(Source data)
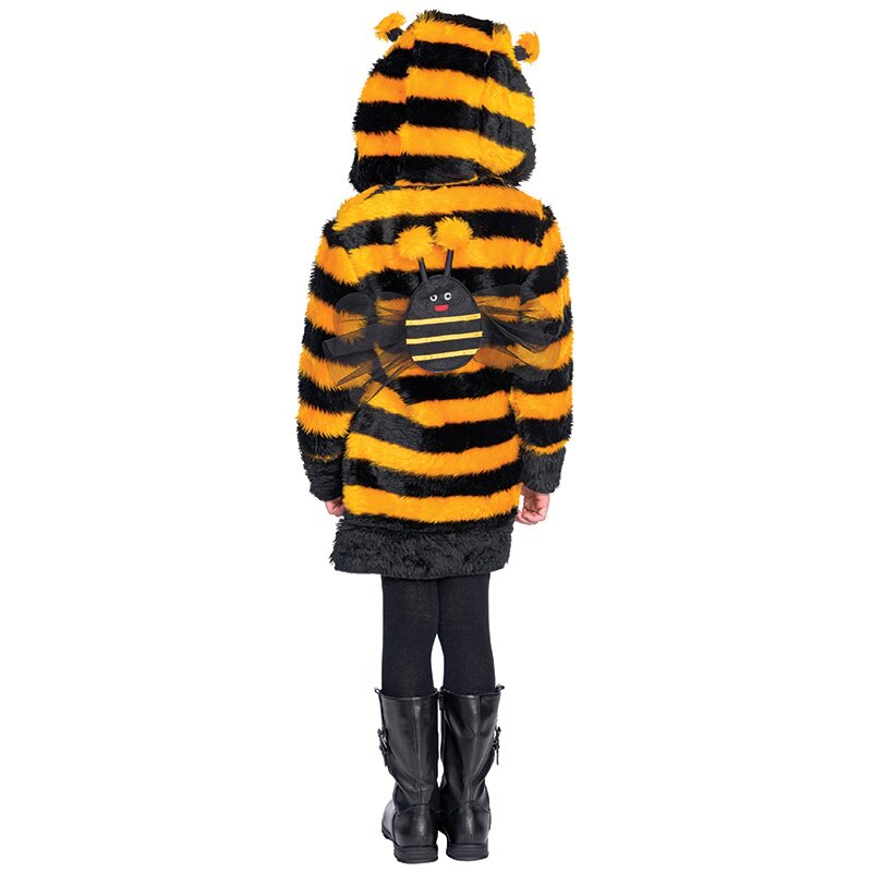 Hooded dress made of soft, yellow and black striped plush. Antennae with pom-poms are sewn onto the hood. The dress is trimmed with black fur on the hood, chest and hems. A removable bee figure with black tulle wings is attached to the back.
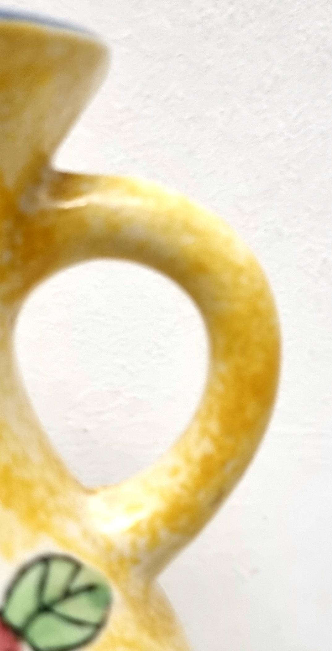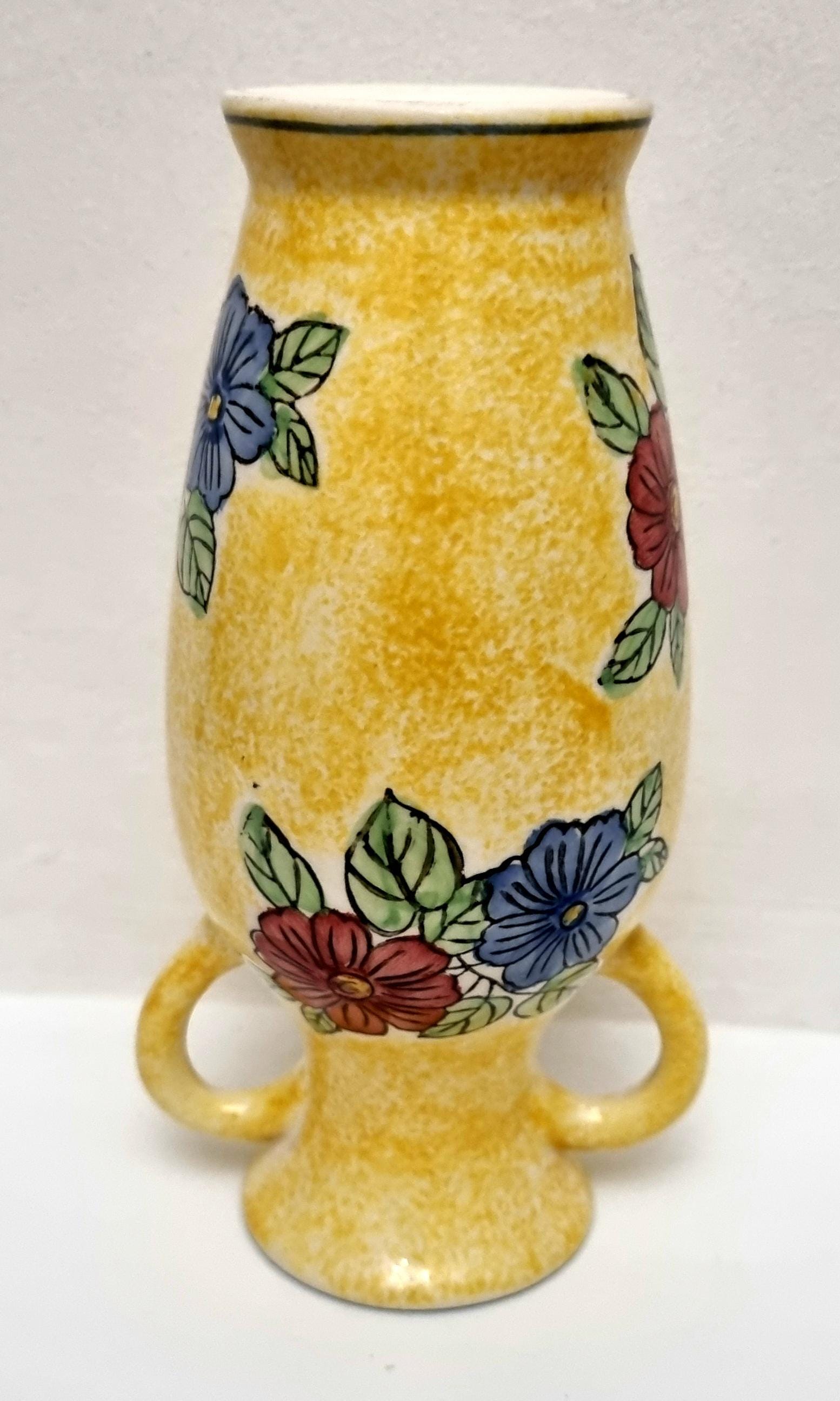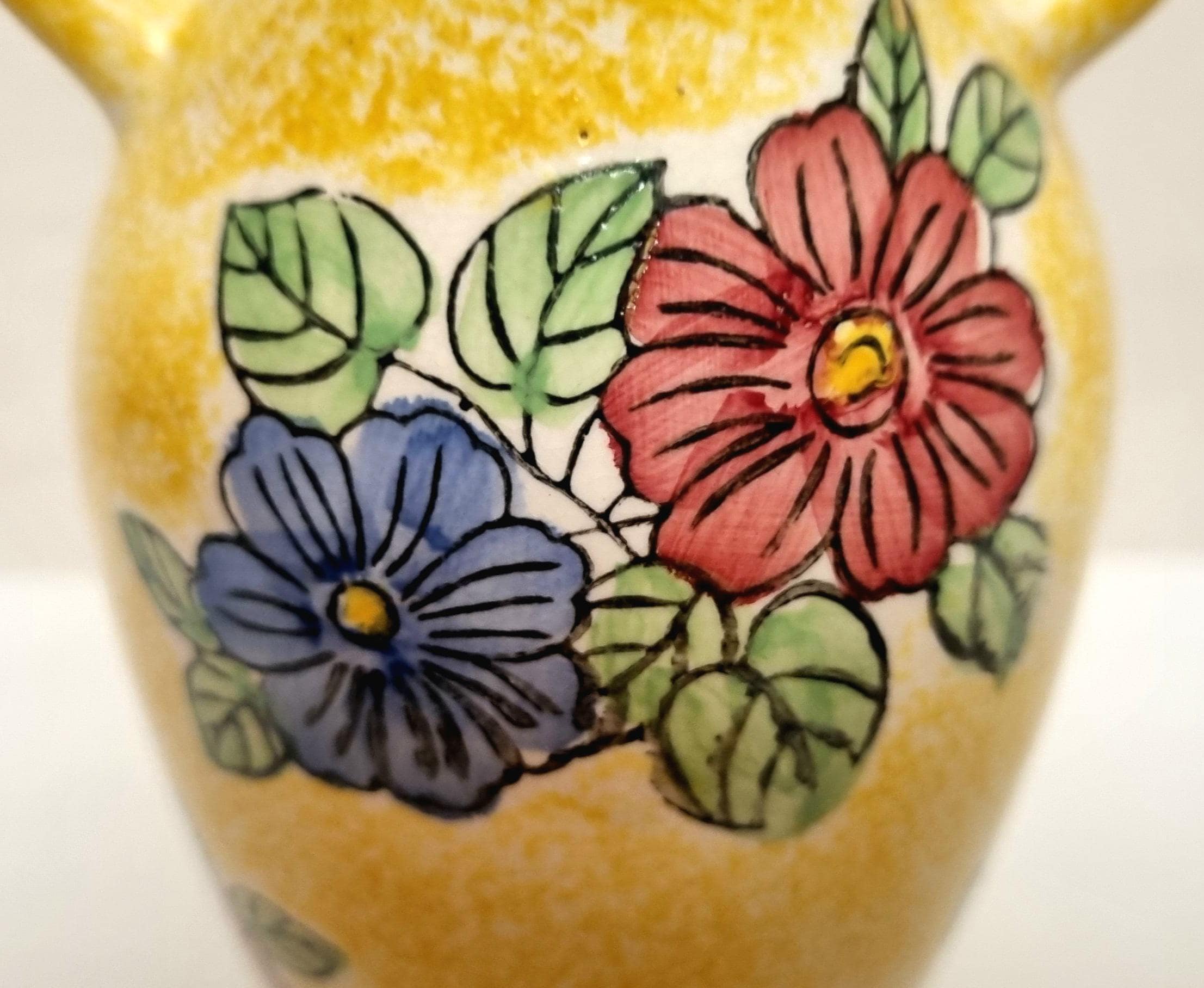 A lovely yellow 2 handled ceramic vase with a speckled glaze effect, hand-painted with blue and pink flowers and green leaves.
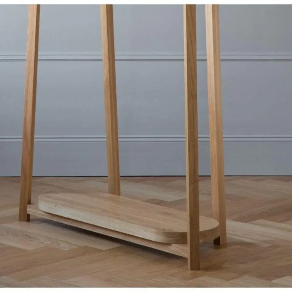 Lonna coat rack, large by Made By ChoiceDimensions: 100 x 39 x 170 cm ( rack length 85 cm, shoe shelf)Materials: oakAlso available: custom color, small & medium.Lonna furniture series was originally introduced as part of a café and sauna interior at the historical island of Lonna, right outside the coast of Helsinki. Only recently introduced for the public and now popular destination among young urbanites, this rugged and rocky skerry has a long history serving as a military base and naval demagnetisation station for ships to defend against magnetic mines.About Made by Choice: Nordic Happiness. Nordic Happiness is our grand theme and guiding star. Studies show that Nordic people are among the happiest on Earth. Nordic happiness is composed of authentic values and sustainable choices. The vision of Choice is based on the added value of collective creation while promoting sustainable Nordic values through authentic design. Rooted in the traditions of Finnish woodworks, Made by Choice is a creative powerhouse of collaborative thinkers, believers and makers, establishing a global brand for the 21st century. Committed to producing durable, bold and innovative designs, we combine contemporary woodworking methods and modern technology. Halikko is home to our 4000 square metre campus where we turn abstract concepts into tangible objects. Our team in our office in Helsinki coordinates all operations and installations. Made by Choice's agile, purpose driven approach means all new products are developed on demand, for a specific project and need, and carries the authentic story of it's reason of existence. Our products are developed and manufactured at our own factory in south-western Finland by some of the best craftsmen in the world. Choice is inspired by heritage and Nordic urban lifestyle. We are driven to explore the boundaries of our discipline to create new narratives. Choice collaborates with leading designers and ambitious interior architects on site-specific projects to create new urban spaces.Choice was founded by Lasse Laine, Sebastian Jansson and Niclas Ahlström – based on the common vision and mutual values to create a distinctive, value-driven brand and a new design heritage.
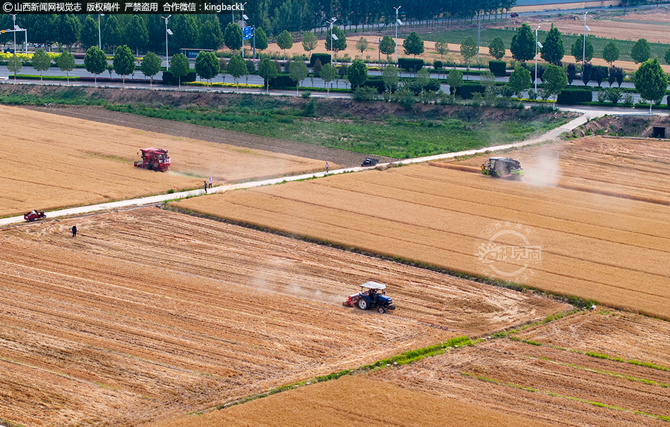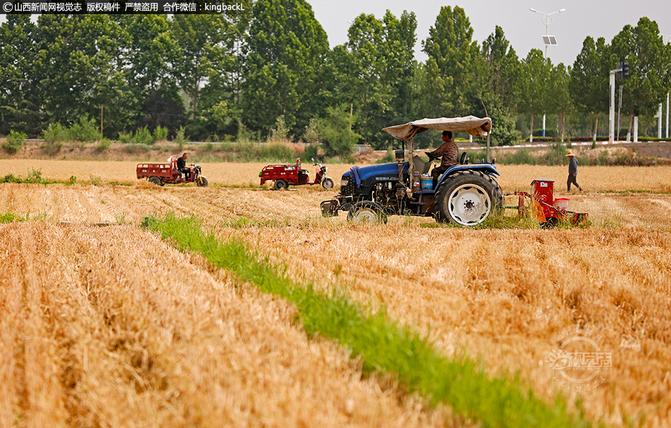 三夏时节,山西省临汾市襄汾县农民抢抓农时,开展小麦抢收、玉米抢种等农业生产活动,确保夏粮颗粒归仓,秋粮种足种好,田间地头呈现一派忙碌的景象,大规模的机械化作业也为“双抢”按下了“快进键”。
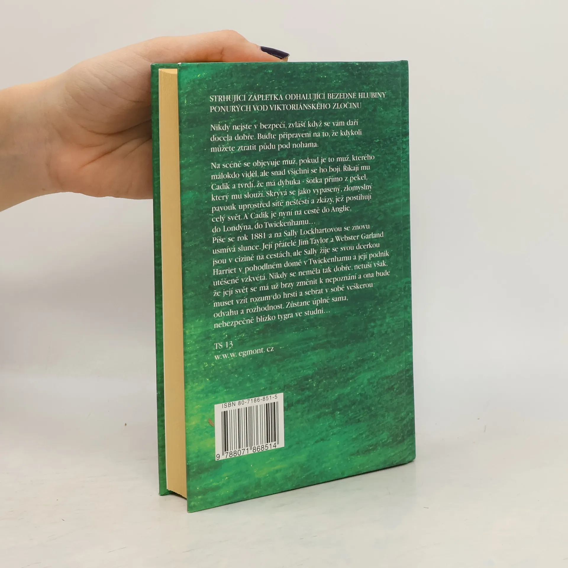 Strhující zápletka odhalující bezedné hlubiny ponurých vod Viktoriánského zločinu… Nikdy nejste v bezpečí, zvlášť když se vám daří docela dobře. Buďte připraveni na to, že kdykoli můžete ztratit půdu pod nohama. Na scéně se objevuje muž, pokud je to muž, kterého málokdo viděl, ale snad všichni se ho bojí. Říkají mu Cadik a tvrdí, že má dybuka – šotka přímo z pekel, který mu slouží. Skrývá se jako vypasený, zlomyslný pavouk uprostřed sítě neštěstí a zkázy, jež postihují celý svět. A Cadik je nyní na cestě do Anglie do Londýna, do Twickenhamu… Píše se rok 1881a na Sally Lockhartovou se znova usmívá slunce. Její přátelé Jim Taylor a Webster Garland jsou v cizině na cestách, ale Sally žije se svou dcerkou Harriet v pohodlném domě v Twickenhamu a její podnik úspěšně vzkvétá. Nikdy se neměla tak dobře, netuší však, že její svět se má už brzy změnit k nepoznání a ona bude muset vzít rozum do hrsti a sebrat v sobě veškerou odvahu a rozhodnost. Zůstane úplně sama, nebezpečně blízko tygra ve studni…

Exercise aim = Omit every picture, and please return the entries exactly from the first line through the line with "A lovely yellow", both included.

Response =
 Hooded dress made of soft, yellow and black striped plush. Antennae with pom-poms are sewn onto the hood. The dress is trimmed with black fur on the hood, chest and hems. A removable bee figure with black tulle wings is attached to the back.
 A lovely yellow 2 handled ceramic vase with a speckled glaze effect, hand-painted with blue and pink flowers and green leaves.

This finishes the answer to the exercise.